El clima se politizó en extremo y, por más que intentase mantenerse alejado de aquel debate, Afonso se vio irresistiblemente atraído hacia la polémica, era imposible mantenerse distante, el asunto surgía en cualquier conversación, no había modo de evitarlo, hasta su mejor amigo dentro del regimiento lo estimulaba a la discusión. El teniente Pinto,
el Zanahoria
, se alineaba con los antiintervencionistas, y, aunque sin sorpresa, Afonso lo descubrió la primera mañana en Tancos, cuando salieron de la tienda en busca de las letrinas.
—Pero ¿qué es lo que estamos haciendo aquí? —se preguntó el Zanahoria, insatisfecho, con el paso rápido en pos de su amigo, mirando el destartalado campamento de barracas y tiendas que se prolongaba alrededor hasta perderse de vista—. La ciudad de Leño-Lona. Dime si esto tiene algún sentido.
Afonso se pasó la mano por el pelo revuelto, intentando peinárselo con los dedos.
—Estamos haciendo lo que nos mandan.
—Pero yo no sé si quiero hacer lo que nos mandan estos idiotas.
—La solución es fácil, Pinto —le replicó—: sales del Ejército.
—Lo que me faltaba, salir del Ejército por culpa de los cabrones de los republicanos.
—Entonces, si te quedas, te sometes. ¿Qué quieres que te diga?
—Lo que quiero es emplear bien mi tiempo, en vez de andar metido en cabalgatas idiotas, mientras estos tipos se llenan de dinero y están llevando el país a la ruina… Y nosotros colaborando con semejante estupidez.
—Pinto, nosotros estamos aquí para hacer nuestro trabajo —se impacientó Afonso—. Todo lo demás es puro blablablá.
—No es exactamente así, Afonso —repuso el Zanahoria, irritado—. Estamos siendo cómplices de esta locura. ¿Realmente crees que tiene algún sentido que Portugal se implique en esta guerra? ¿Así que vamos a meternos en este matadero que no nos sirve de nada sólo porque los señores republicanos están en un aprieto por el descontento que crece en el país?
—No tiene nada que ver una cosa con la otra.
—¡Ah, no, no tiene nada que ver! Entonces, ¿por qué crees que esos idiotas quieren meter a Portugal en la guerra?

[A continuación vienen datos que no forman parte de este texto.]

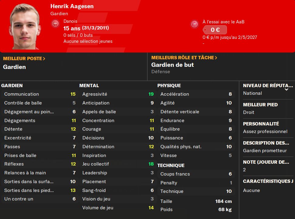 (GB) : Henrik est vu comme le nouveau Peter Schmeichel. Rien que ça ! Câest pour moi le joueur au plus fort potentiel cette annĂ©e. En dĂ©ficit de gardien de qualitĂ© dans mon Ă©quipe U19, voilĂ que cette arrivĂ©e vient rĂ©gler mon problĂšme. Le futur dâAab et du Danemark, Ă nâen pas douter !
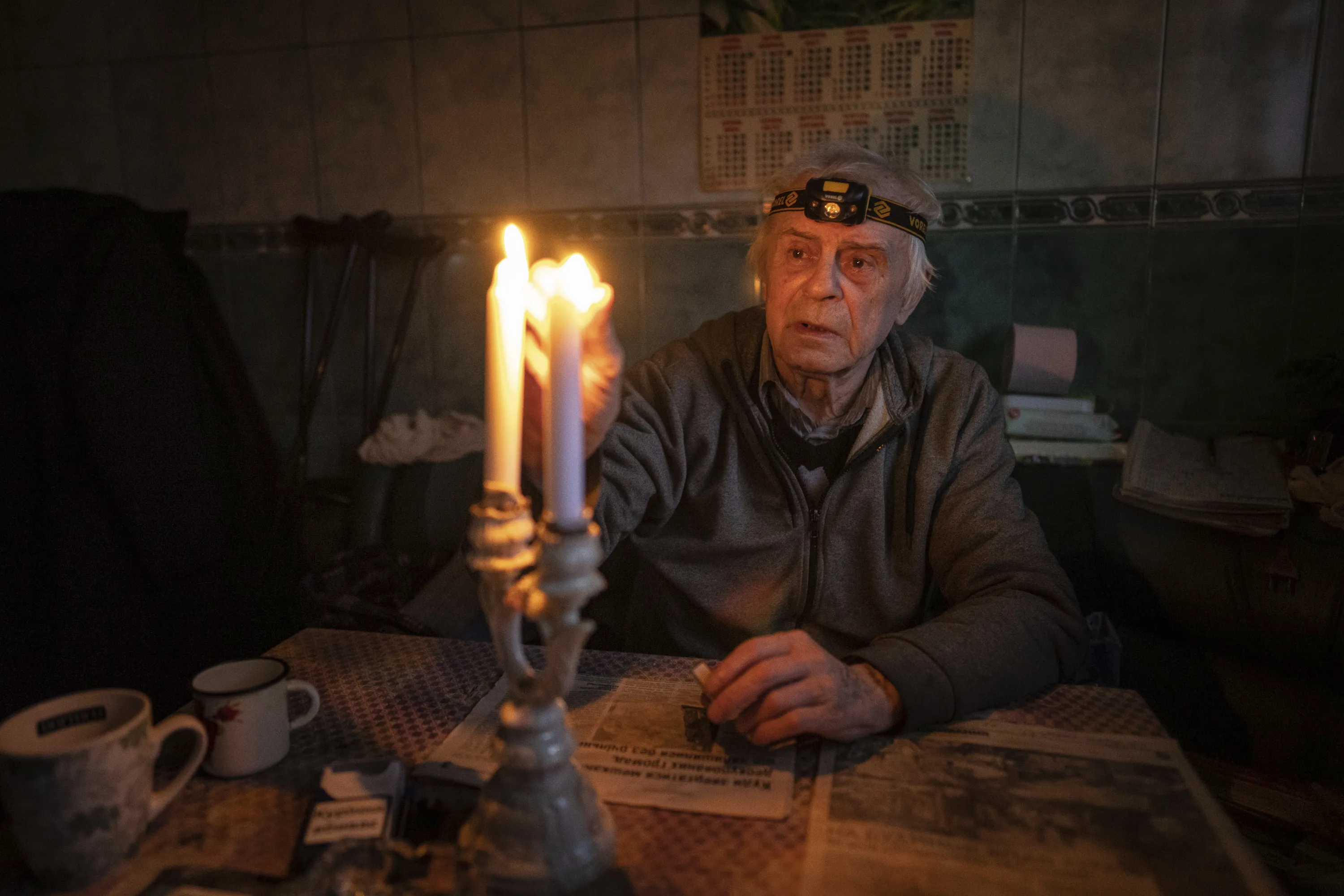Volodymyr Dubrovsliy, a disabled pensioner, lights candles in his house after living without electricity for more than four months in Kupiansk, Kharkiv region, Ukraine, Wednesday, December 28, 2022. (Photo by Evgeniy Maloletka/AP Photo)
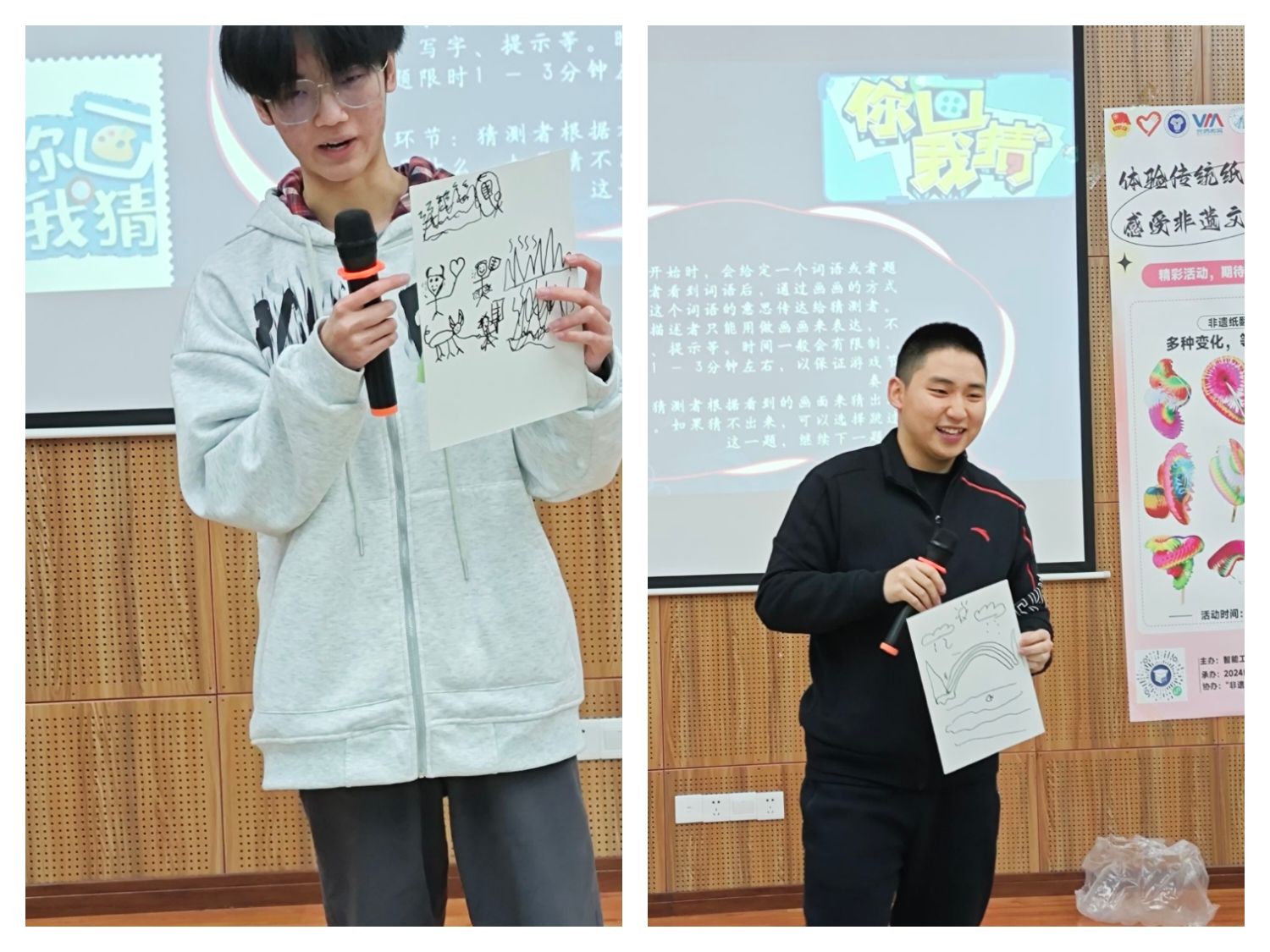 在轻松愉悦的氛围中,活动进入了趣味游戏环节。同学们参与了以非遗纸翻经典作品为主题的“你画我猜”和“萝卜蹲”等趣味游戏。在游戏“你画我猜”环节中,主持人以经典纸翻作品名来作为题目,参与游戏的同学在白色硬卡纸上发挥想象力、大胆落笔。这些绘画中有的简洁明了,有的生动形象。而猜测的同学们则大胆猜测,各抒己见。猜对的同学上台展示画作并解读画作,而猜错的同学则不甘示弱,也相继上台展示画作。接下来的“萝卜蹲”游戏更是将活动推向高潮,各小组配合默契,积极参与。通过这些游戏,同学们对纸翻经典作品有了更深刻的印象,也对非遗纸翻艺术有了更深入的了解。

—Bien… —titubeó Afonso, que se quedó quieto para concentrarse en la respuesta; al fondo ya se veían las letrinas y la fila de hombres esperando su turno para defecar en aquel descampado inmundo, el olor a heces se sentía a la distancia—. En primer lugar, para defender las colonias y el imperio. Y, además, es importante que el país se afirme en el concierto de las naciones…
—¿Concierto de las naciones?
—… y marque la diferencia en relación con España.
—¡Eso del concierto de las naciones es bueno! Estás leyendo mucho la prensa republicana.
—¿Por qué? ¿No es verdad?
—Claro que no —se exaltó Pinto, gesticulando con exageración—. ¿No ves que todo esto sólo tiene que ver con el canguelo que estos tipos tienen de que el régimen cambie?